Естественно, я увязался за ней. Не мог же я позволить ей в одиночку путешествовать по этому лабиринту — вдруг, какой Минотавр выйдет из темного угла?
Мы прогнали тараканов, и занялись делом.
— Ну, что, развязался? — невесело усмехнулась Тома, ставя чайник на плиту.
— Развязался... Завязался... — я чиркнул спичкой и наклонился, зажигая конфорку. Поднял спичку к глазам, задумчиво наблюдая, как, корчась в огне, обугливается дерево. — Жалко ее.
— Жалость унижает человека, — отрезала Тома, обхватив себя руками.
— Ладно, проехали, — сказал я, чувствуя, как улетучивается легкость бытия.
— А, вы здесь... — на кухню заглянула озабоченная Яся, — правильно, давайте чай пить.
Когда мы вернулись в комнату, я вовремя сообразил отложить хворост мамам на отдельную тарелку — тонкое хрустящее лакомство расхватали из таза за пять минут. А потом, дурачась и смеясь, собирали со дна сахарную пудру и, не стесняясь, слизывали ее с пальцев. За этим нас и застали вернувшиеся мамы.
— Чинно-благородно, — одобрительно оценила обстановку зарозовевшаяся на морозце тетя Дина, — мы тоже почаевничаем с вами.
Я в благодушной сытости молча наблюдал за почти семейными сценками.
Держа Ирку за ручку, что-то шепчет ей на ушко светящийся счастьем Паштет. Ира в ответ смешливо косится на него. Эх, совет да любовь вам в этот раз...

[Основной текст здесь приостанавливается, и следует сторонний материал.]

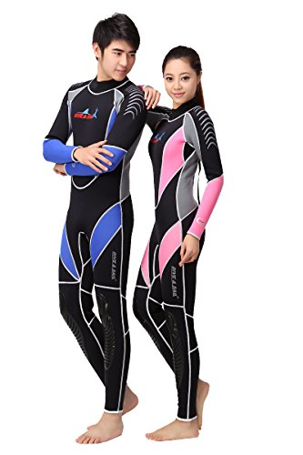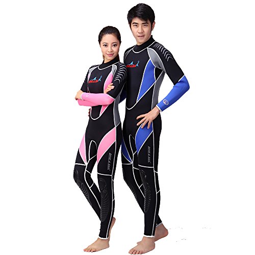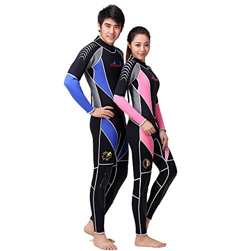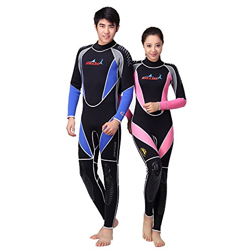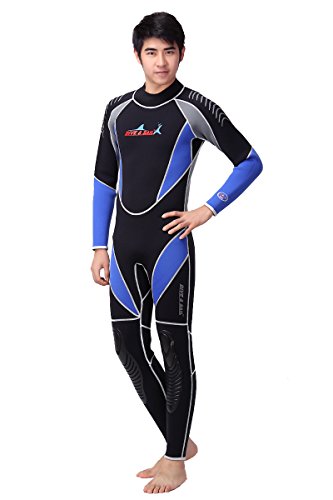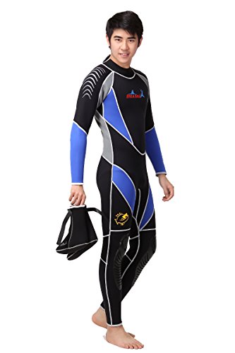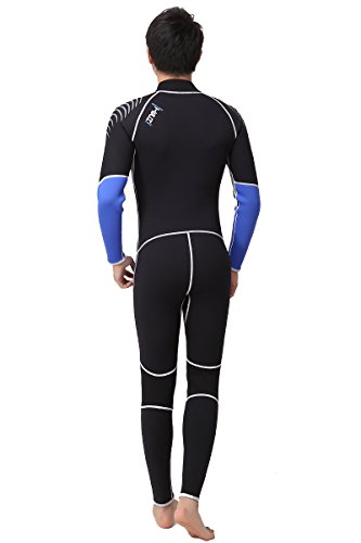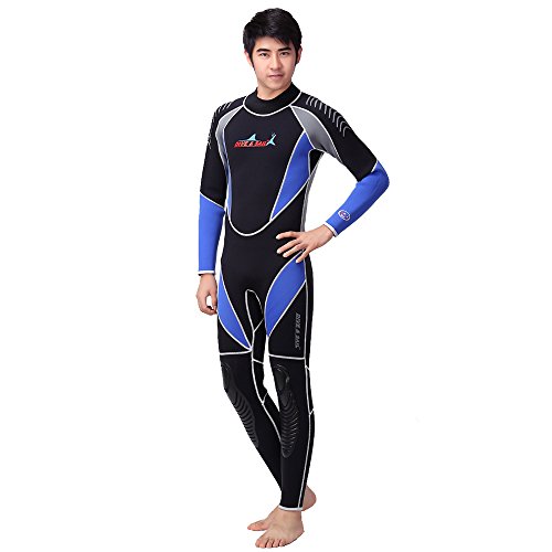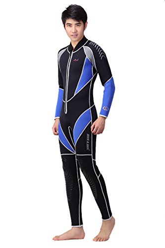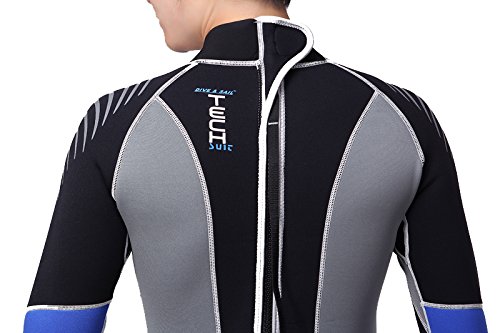 Wetsuit man 3mm scuba diving suit neoprene full body rash guard for diver snorkeling swimming race sailing (Blue, XL)
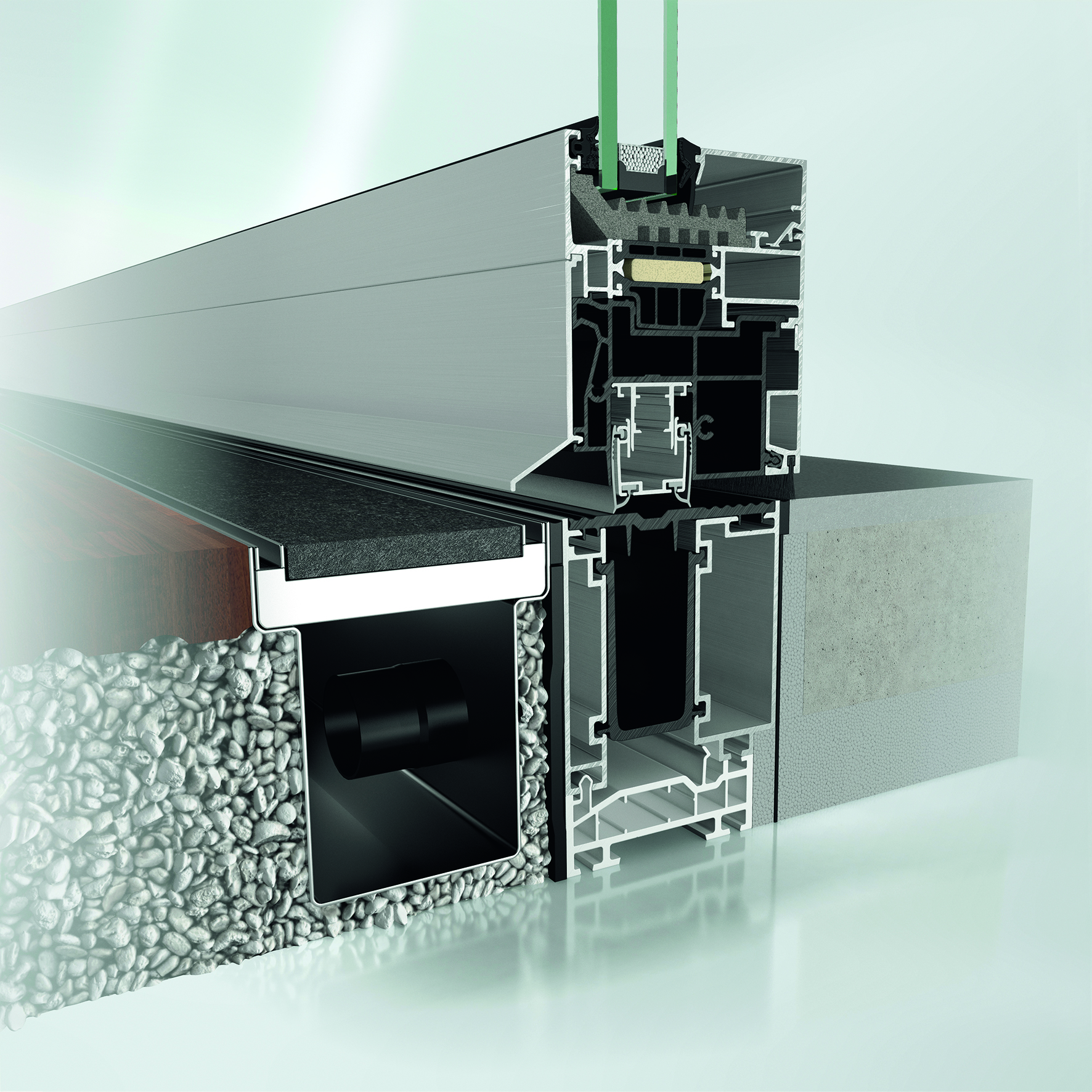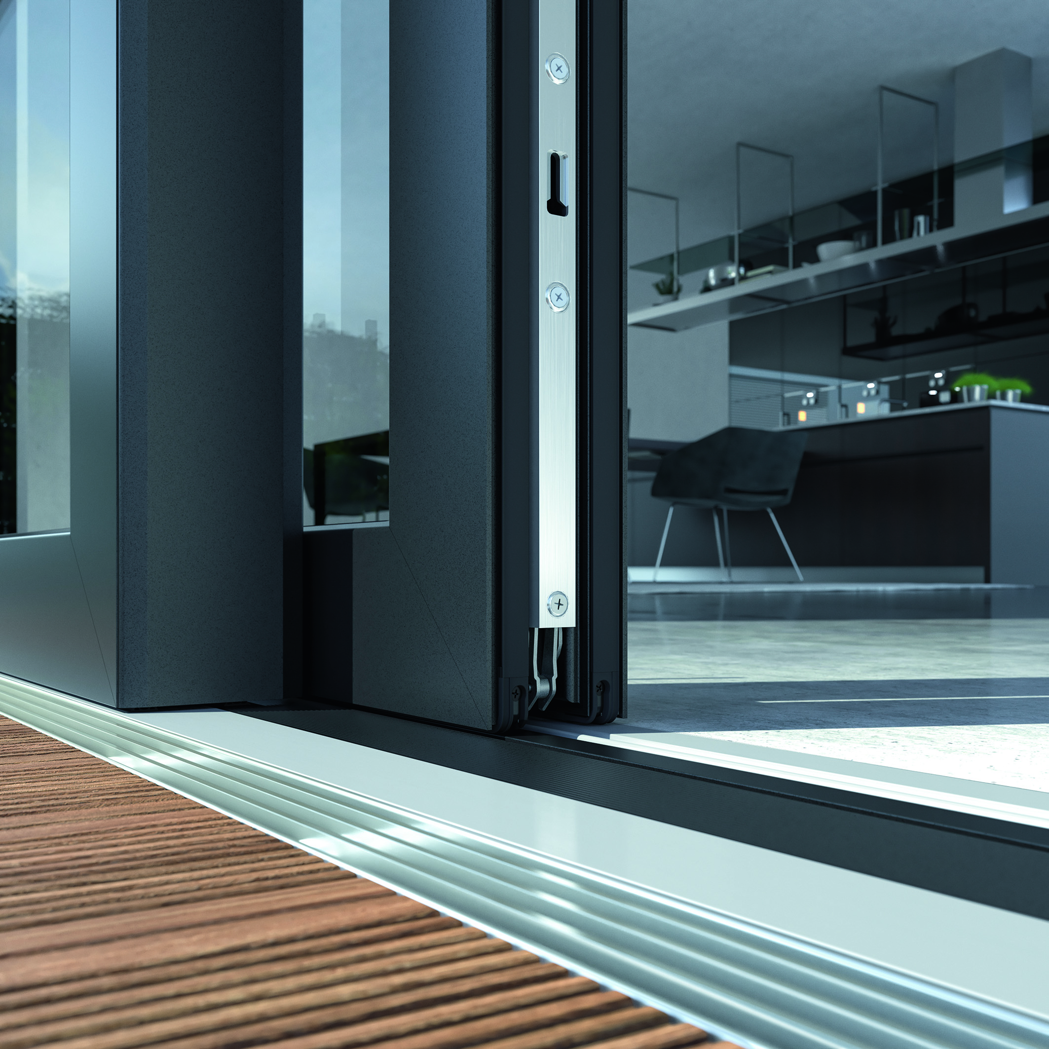 Auch klassische Anforderungen wie eine effektive Wärmedämmung und eine Einbruchsicherheit bis RC 2 können in Kombination mit der Nullschwelle bei dem Schiebesystem Schüco ASE 80.HI realisiert werden.

Сёме дозволено взять соседку по столу за талию, и он от этого тихо млеет, а Кузя исподтишка отслеживает мою реакцию на это.
"Ну, это совсем детские игры", — улыбаюсь я расслабленно в ответ, и перебираю под столом Томины пальчики.
Что-то быстро шепчет, прикрывшись ладошкой, Томе на ухо ее мама, и до меня долетают короткие обрывки: "представляешь... сам..."
Нет, в голове моей не зазвенел тревожный звонок — не успел. Я лишь ощутил легкую тень неправильности, когда Тома изумленно воскликнула "Да ты что!" и быстро обернулась, оценивающе глядя на Ясю.
Ее мама дернула было рукой, пытаясь привлечь внимание дочки, но из Томы уже вылетело, аж звеня от восторга:
— Андрей, это что, правда — ты Ясино платье сшил?
Над столом повисла тишина.
Яся ткнула взглядом в тетю Дину и молча всплеснула руками; та виновато покраснела. Томина мама чуть слышно цокнула языком и с неодобрением посмотрела дочке в затылок. Кузя протянула к Ясе руку и задумчиво потеребила пройму на ее платье, изучая обметочный шов.
— Ну... да, — вытолкнул я из себя, когда молчание затянулось, — хобби у меня появилось такое.
— Ух... — произнес Паша, и на меня со всех сторон посыпались вопросы.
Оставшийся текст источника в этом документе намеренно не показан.